I would do something like this on jQuery. Place this in your page header:
$(document).ready(function(){
$(p).each(function(){
$(this).removeAttr("class");
//or $(this).removeclass("className");
})
});
Maybe it's a bit overkill for your need, but, to parse/validate/clean HTML data, the best tool I know is HTML Purifier
It allows you to define which tags, and which attributes, are OK ; and/or which ones are not ; and it gives valid/clean (X)HTML as output.
(Using regexes to "parse" HTML seems OK at the beginning... And then, when you want to add specific stuff, it generally becomes hell to understand/maintain)
You load the HTML into a DOMDocument class, load that into simpleXML. Then you do an XPath query for all p elements and then loop through them. On each loop, you rename the class attribute to something like "killmeplease".

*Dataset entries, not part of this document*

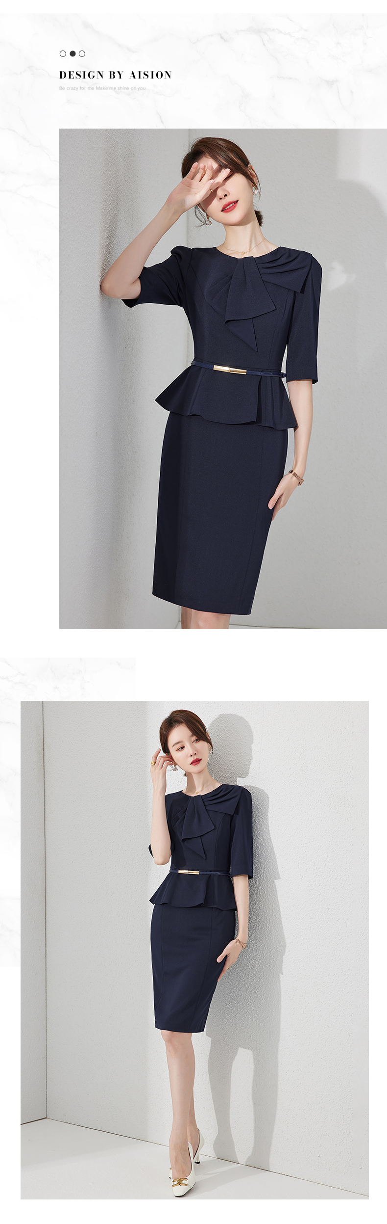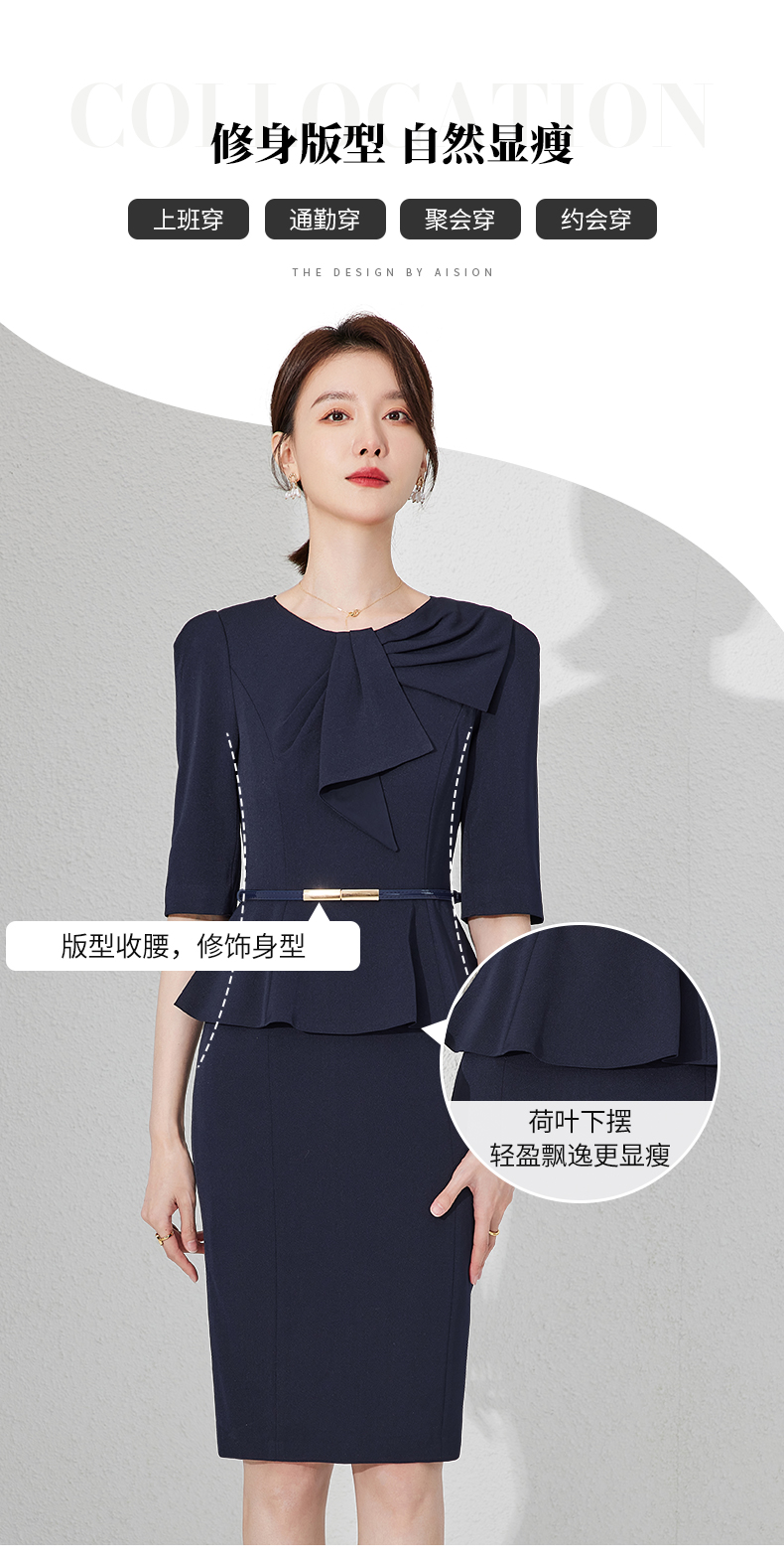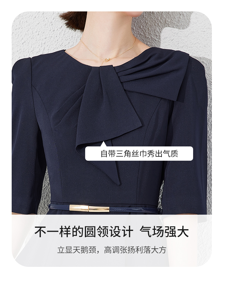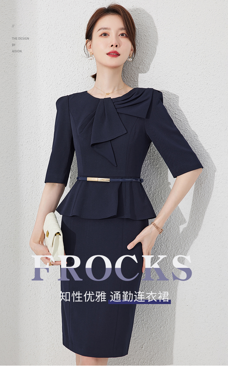 艾尚臣职业连衣裙女气质中袖夏季新款通勤正式场合裙子薄款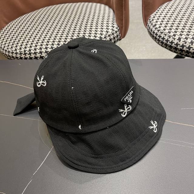 / prada Prada summer all-match thin new bow tie cap women's outdoor casual sweet l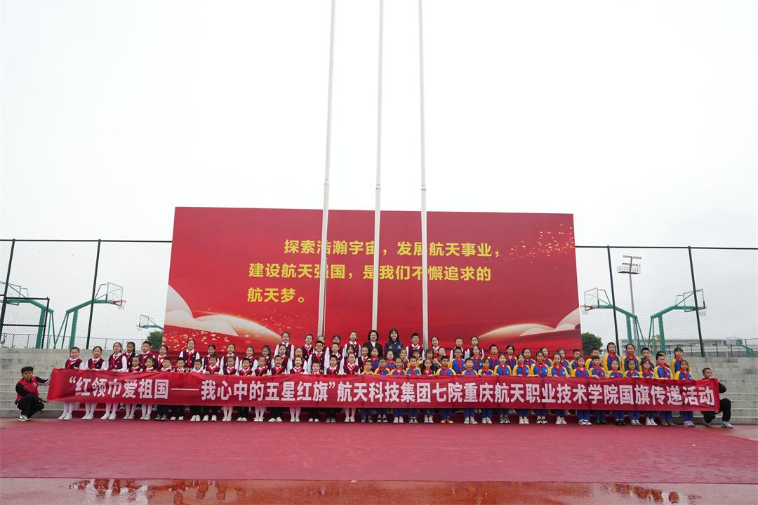 11月9日,“红领巾爱祖国——我心中的五星红旗”国旗传递活动在中国航天科技集团七院重庆航天职业技术学院举行。共青团重庆市委员会、共青团渝北区委员会、航天科技集团七院等相关同志以及航天青年代表、重庆市渝北区和合家园小学及天堡寨小学少先队员、重庆航天职业技术学院师生代表等参加了活动,共同见证这面遨游太空、满载祖国荣誉的五星红旗在巴渝大地高高飘扬。

When that's done, reoutput the simpleXML as XML (which, by the way, may change the HTML, but usually only for the better), and you will have a HTML string where each p has a class of "killmeplease". Use str_replace to actually remove them.
Example:
$html_file = "somehtmlfile.html";
$dom = new DOMDocument();
$dom->loadHTMLFile($html_file);
$xml = simplexml_import_dom($dom);
$paragraphs = $xml->xpath("//p");
foreach($paragraphs as $paragraph) {
$paragraph['class'] = "killmeplease";
}
$new_html = $xml->asXML();
$better_html = str_replace('class="killmeplease"', "", $new_html);
Or, if you want to make the code more simple but tangle with preg_replace, you could go with:
$html_file = "somehtmlfile.html";
$html_string = file_get_contents($html_file);
$bad_p_class = "/(<p ).*(class=.*)(\s.*>)/";
$better_html = preg_replace($bad_p_class, '$1 $3', $html_string);
The tricky part with regular expressions is they tend to be greedy and trying to turn that off can cause problems if your p element tag has a line break in it. But give either of those a shot.
HTML can be very tricky to regex because of the hundreds of different ways code can be written or formatted.
The HTML purifier is a mature open source library for cleaning up HTML. I would advise its usage in this case.
In HTML purifier's configuration documentation, you can specify classes and attributes which should be allowed and what the purifier should do if it finds them.